Эта практика продолжалась недели три. Нас перевели в другой цех, где тоже, откровенно, делать было нечего. Пошел в заводскую библиотеку, набрал книг и начал «запоем» читать Джека Лондона, Ремарка, Хемингуэя, модных в то время писателей.
Все было бы ничего, но подошла суббота, завод закрыт – пятидневка – а где же «харчеваться?» Ну, ладно завтрак, а обед, а ужин? Обратились к руководителю, а у него самого стоял такой же вопрос! «Найдите, где-нибудь в городе столовую, там и питайтесь». А ужин? На этот вопрос он никак не ответил.
Не знаю, как сейчас, но в, то Советское время, город Балашов, мне никак не показался.
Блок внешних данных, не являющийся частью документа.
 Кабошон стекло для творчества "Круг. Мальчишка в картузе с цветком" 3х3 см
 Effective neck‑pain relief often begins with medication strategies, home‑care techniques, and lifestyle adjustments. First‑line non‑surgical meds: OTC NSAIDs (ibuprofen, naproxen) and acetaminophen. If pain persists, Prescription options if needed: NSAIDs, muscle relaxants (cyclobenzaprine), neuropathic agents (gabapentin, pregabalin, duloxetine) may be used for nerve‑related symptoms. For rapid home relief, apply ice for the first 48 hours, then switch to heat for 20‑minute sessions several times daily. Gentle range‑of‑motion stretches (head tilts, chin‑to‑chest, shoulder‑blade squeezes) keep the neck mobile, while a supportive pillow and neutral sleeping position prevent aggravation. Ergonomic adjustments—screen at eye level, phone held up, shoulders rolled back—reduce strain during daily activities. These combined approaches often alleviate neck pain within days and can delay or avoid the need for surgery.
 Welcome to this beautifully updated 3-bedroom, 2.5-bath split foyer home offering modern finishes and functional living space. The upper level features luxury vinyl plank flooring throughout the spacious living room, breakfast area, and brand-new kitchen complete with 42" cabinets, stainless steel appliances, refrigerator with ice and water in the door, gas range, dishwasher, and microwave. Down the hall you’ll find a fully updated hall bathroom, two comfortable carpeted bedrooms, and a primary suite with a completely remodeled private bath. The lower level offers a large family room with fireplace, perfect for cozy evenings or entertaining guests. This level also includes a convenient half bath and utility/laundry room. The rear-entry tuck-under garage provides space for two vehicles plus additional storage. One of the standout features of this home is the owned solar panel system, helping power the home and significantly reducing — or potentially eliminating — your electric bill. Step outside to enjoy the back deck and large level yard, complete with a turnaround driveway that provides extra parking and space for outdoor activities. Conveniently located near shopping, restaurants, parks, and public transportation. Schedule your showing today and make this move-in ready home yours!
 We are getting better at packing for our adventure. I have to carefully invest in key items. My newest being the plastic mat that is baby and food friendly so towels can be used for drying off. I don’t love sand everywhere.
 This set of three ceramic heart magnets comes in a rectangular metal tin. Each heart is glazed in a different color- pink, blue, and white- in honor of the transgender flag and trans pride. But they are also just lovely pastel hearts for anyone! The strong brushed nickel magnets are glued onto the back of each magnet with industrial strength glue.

Какой то, хмурый, неласковый, с постоянными ветрами со снегом и песком вперемежку. Круговым движением автобусов, военным училищем летчиков транспортной авиации, заводскими столовыми, мукомольным заводом и домом культуры при нем, рестораном «Хопер», который до 17 часов работал как кафе, а после – как ресторан. Вот и пойми их, этих Балашовцев, простой курсант, Пермского ВКИУ.
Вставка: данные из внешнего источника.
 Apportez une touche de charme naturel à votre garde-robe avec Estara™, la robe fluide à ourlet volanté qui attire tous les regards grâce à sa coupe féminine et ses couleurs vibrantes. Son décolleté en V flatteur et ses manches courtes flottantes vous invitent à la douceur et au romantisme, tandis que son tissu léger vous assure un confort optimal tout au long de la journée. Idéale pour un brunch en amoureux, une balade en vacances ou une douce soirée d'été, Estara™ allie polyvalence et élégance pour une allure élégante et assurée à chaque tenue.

Пошли первый раз в «Хопер», пообедали, а ужинали уже в «общаге». Я так увлекся чтением, читал «запоем» и не обращал внимание на то, что творилось вокруг меня, не реагировал даже на то, что ребята писали «пулю». «Белое безмолвие», «Белый клык», «Джон – ячменное зерно», «Мартин Иден» – знает ли такие классические произведения Джека Лондона современная молодежь? Уверен, что не знают! Им сегодня чтение книг заменяют гаджеты, интернет, планшеты, андроиды, не самый, я бы сказал, хороший вариант.
Наш куратор полковник Хворост жил в «генеральском» номере, один, и наше поведение ему, до определенного момента, было как-то не интересно. Мы не тревожили его, он не тревожил нас, у нас установился такой безмолвный паритет, не знал он еще тогда, на что мы способны. Подкармливали его, как нам казалось, «тетеньки» – дежурные по общежитию, уж больно ласковые беседы он с ними вел, но, может быть, это было и не так, утверждать не могу.
Прошла суббота. С утра в воскресенье, попили чайку с хлебом, кабачковой икрой и завтраком туриста. Решили, сегодня идем в «Хопер» и наедимся до отвала, чтобы уже обедать в заводской столовой завтра. Сказано – сделано, «голод не тетка», начистили «перышки» и рванули в город нагуливать аппетит. Как всегда, на улице был сильный ветер со снегом и песком, там он, по-моему, дует, не переставая, как там жители живут? И мы вдесятером, в начищенных «хромачах», чисто выбритые, почти строем направлялись к месту, где должны были пообедать, да, возможно, и поужинать. А вот и он – храм чревоугодия «Хопер», в цветных огнях и вывеской «Добро пожаловать», и припиской ниже «Мест нет». Для нас места были, столик мы заказали еще вчера, поэтому официантки нас уже встретили, как старых знакомых и с распростертыми объятиями.
В те времена, ужин в ресторане, тем более провинциальном, не был уж чем-то из рук вон выходящим – «трехи с рыла» вполне хватало, чтобы прилично поесть и выпить, даже «Коньяк». Заказали как всегда модный в те времена салат «Оливье», по отбивной котлете с жареной картошкой, много газированной воды и немного, как нам показалось, спиртного. Прикинули, во что нам обойдется этот ужин, и собрали деньги в «общий котел», который почему-то оказался у меня.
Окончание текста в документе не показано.